→ YOUR OBJECTIVE: Lines from the one with "Chambray dress with" to the end of the material, both included: print them exactly and print nothing else. Omit the pictures.

→ PROVIDED MATERIAL:

* * *

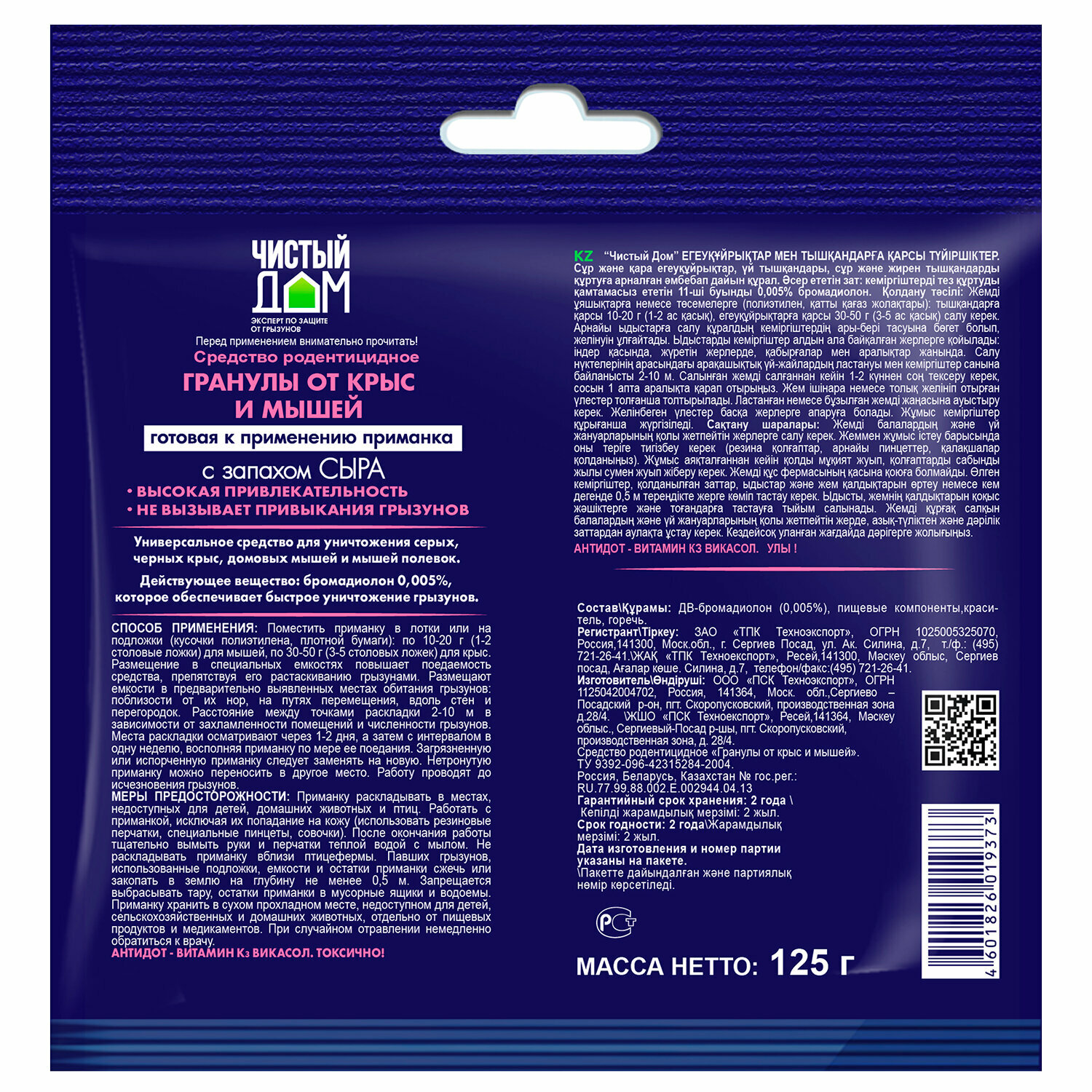 | Дополнительная информация | меры предосторожности: приманку раскладывать в местах, недоступных для детей и домашних животных; работать с приманкой, исключая ее попадание на кожу (использовать резиновые перчатки, специальные совочки, ложки); после окончания работы тщательно вымыть руки и перчатки теплой водой с мылом; павших грызунов, использованные подложки, емкости и остатки приманки сжечь или закопать в землю на глубину не менее 0,5 м; запрещается выбрасывать тару, остатки приманки в мусорные ящики и водоемы; приманку хранить в сухом прохладном месте отдельно от пищевых продуктов и медикаментов; при случайном отравлении немедленно обратиться к врачу; антидот – витамин КЗ викасол |
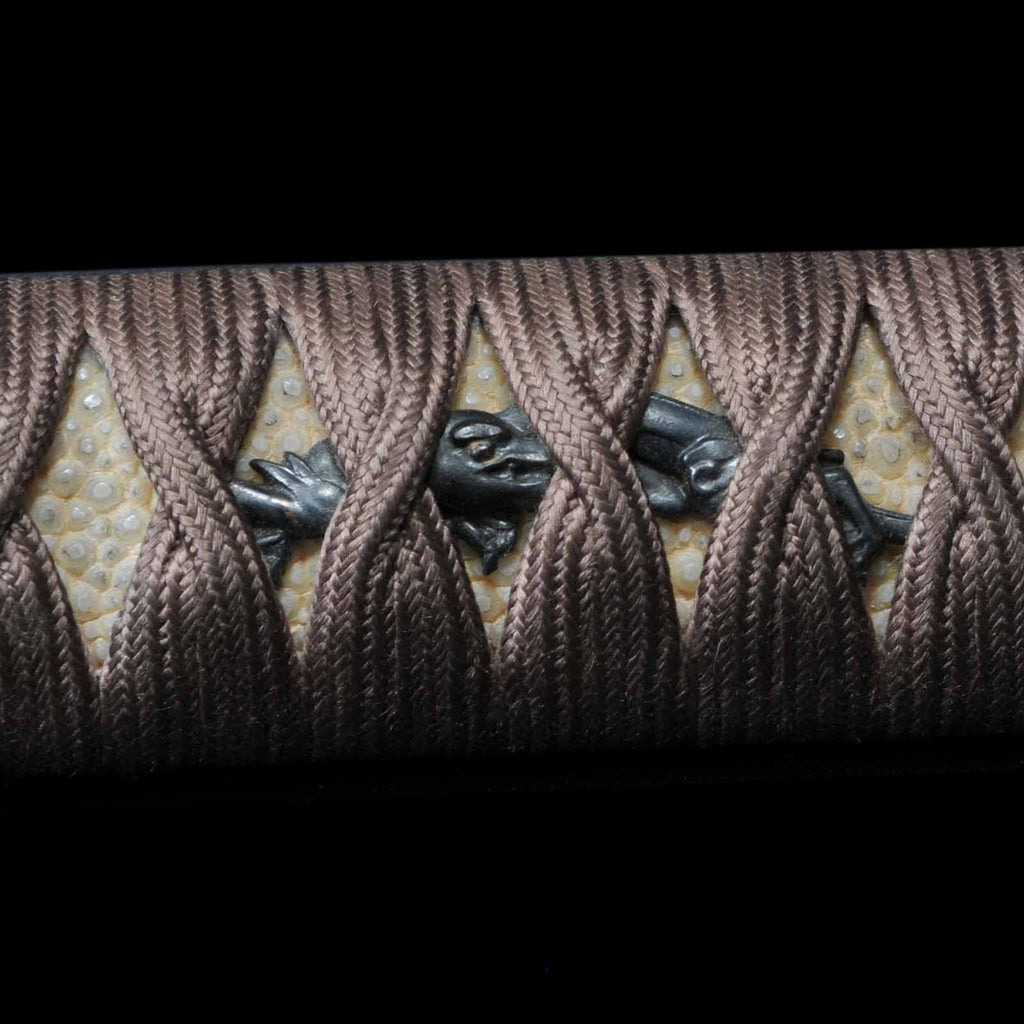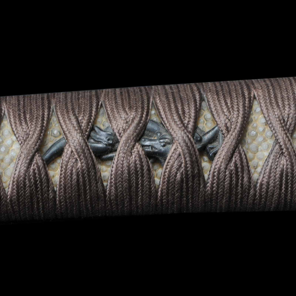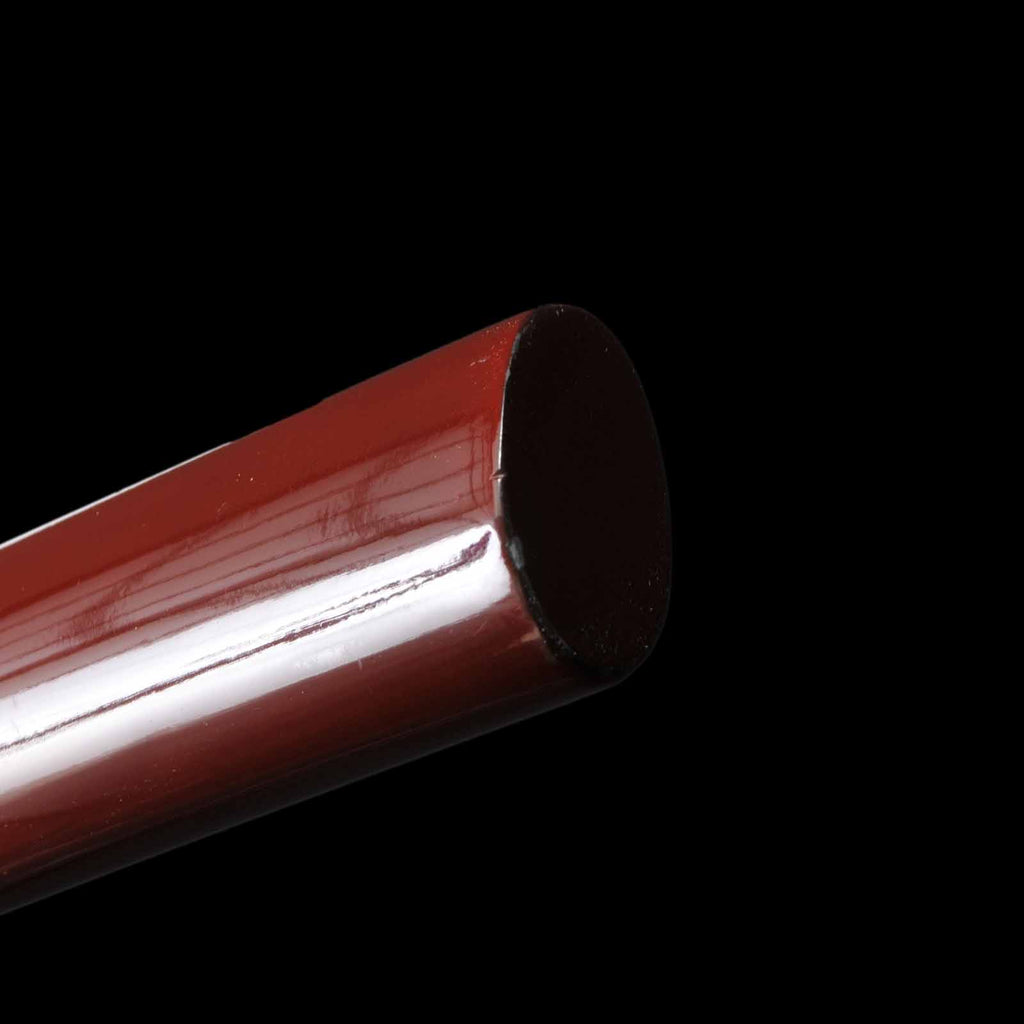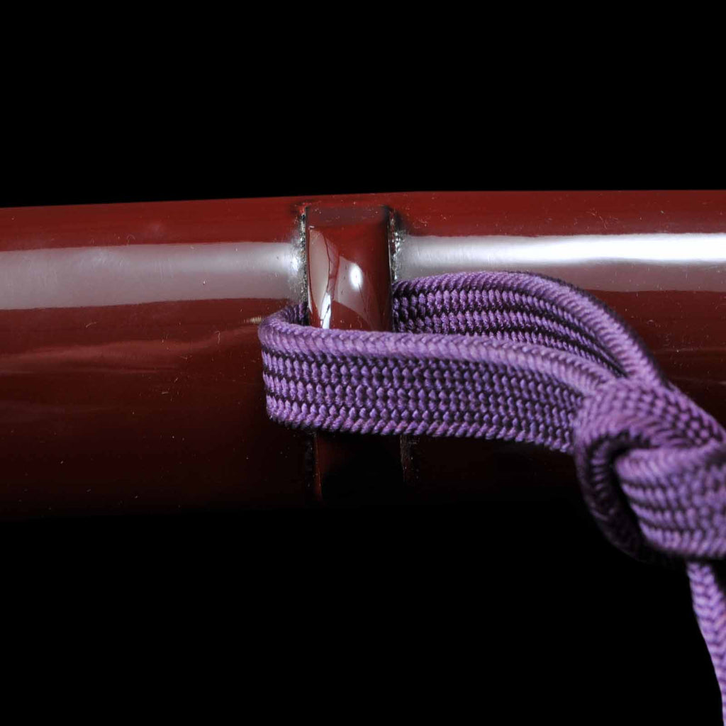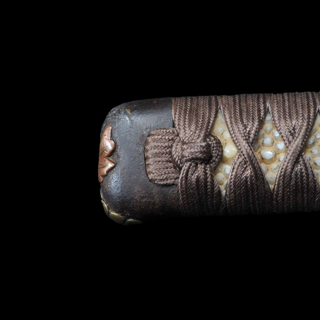 - Koshirae: Brown silk Tsuka with crimson Tamenuri-lacquered Saya, Shirasaya
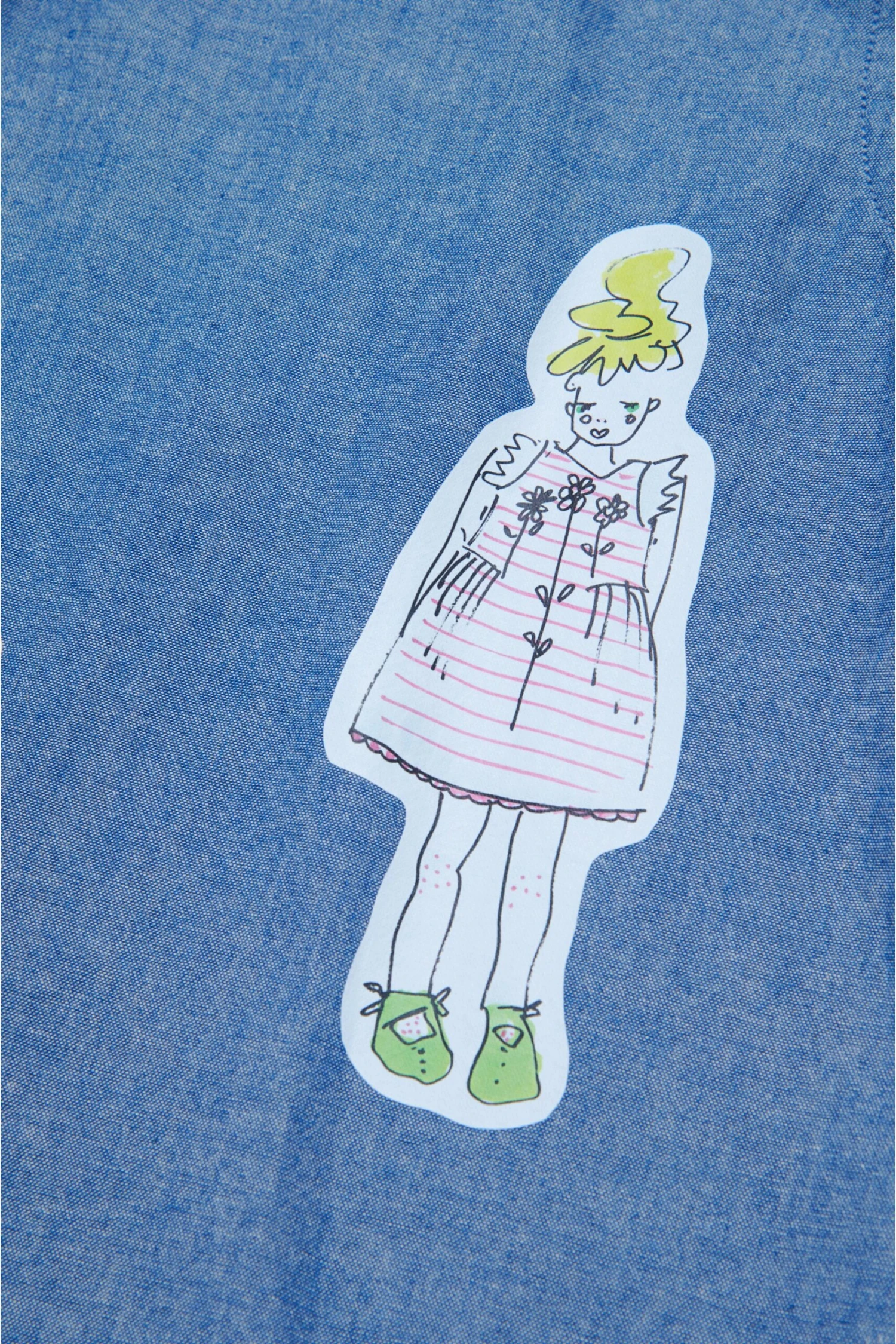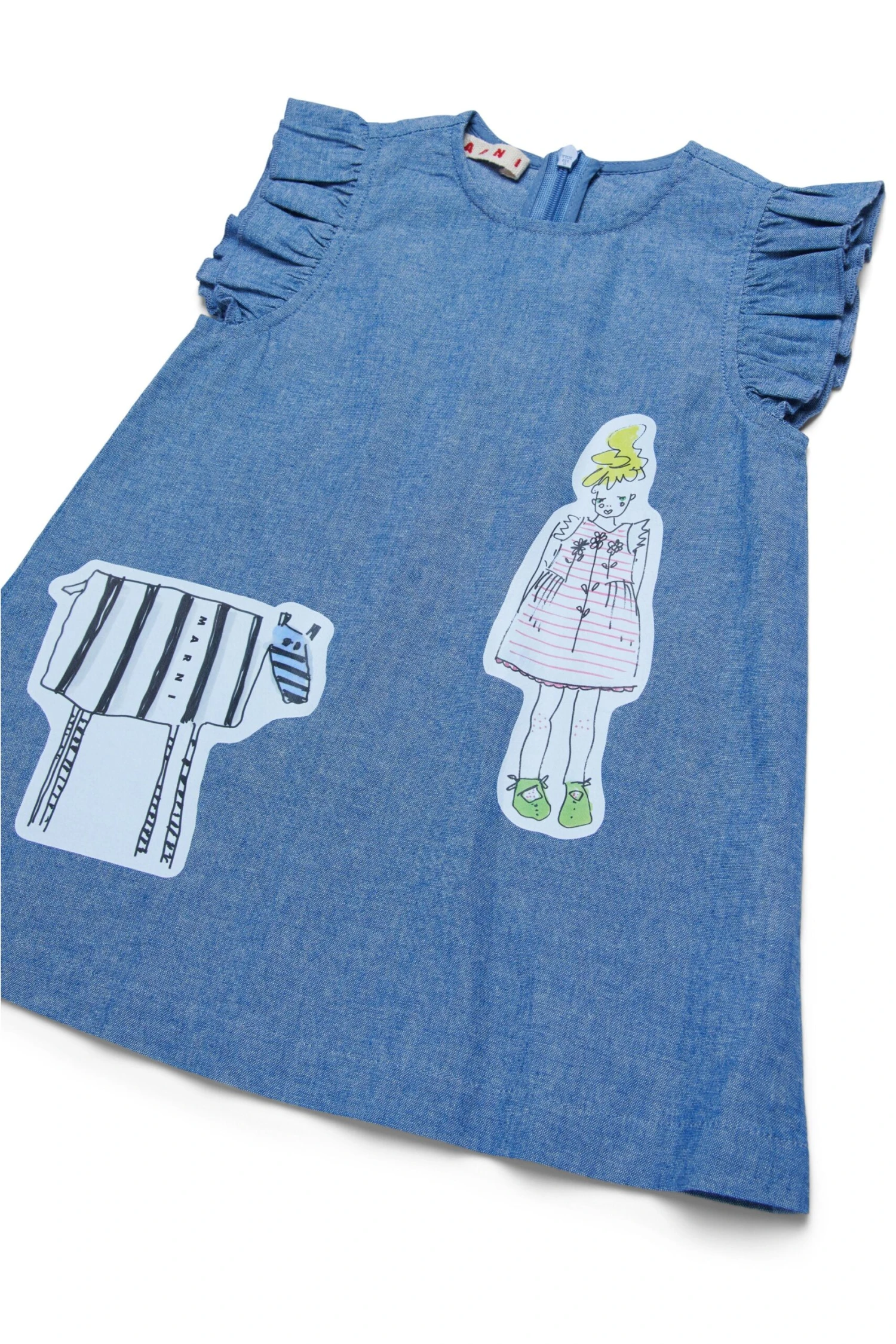Chambray dress with ruffles on the sleeves. Features contrasting color printed designs on the front. Back zip closure. Made of 100% cotton.
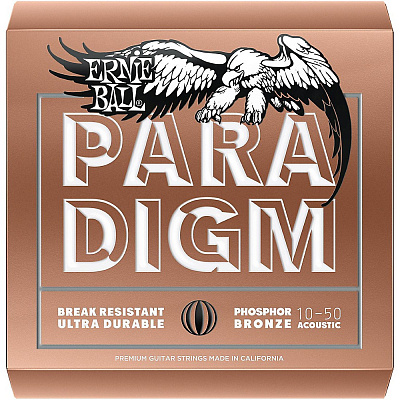 Акустическая серия струн Ernie Ball Paradigm обладает беспрецедентной прочностью и долговечностью, воспроизводя при этом на все 100% звучание и ощущения струн Ernie Ball Earthwood. Для корда струн Paradigm используется высокопрочная сталь, существенно продлевающая жизнь струны, препятствующая её растяжению и обрыву, а дополнительное усиление у основания струн позволяет им пережить даже самую экстремальную манеру игры. Кроме того, в этой серии применена нанотехнология, как в струнах Everlast - специальное полимерное покрытие защищает струны от коррозии и предотвращает накопление скрадывающих тон грязи и жира в оплётке. Paradigm по праву можно назвать первыми долгоиграющими струнами без какого-либо компромисса по звучанию.

* * *

→ FINAL ANSWER:
Chambray dress with ruffles on the sleeves. Features contrasting color printed designs on the front. Back zip closure. Made of 100% cotton.
 Акустическая серия струн Ernie Ball Paradigm обладает беспрецедентной прочностью и долговечностью, воспроизводя при этом на все 100% звучание и ощущения струн Ernie Ball Earthwood. Для корда струн Paradigm используется высокопрочная сталь, существенно продлевающая жизнь струны, препятствующая её растяжению и обрыву, а дополнительное усиление у основания струн позволяет им пережить даже самую экстремальную манеру игры. Кроме того, в этой серии применена нанотехнология, как в струнах Everlast - специальное полимерное покрытие защищает струны от коррозии и предотвращает накопление скрадывающих тон грязи и жира в оплётке. Paradigm по праву можно назвать первыми долгоиграющими струнами без какого-либо компромисса по звучанию.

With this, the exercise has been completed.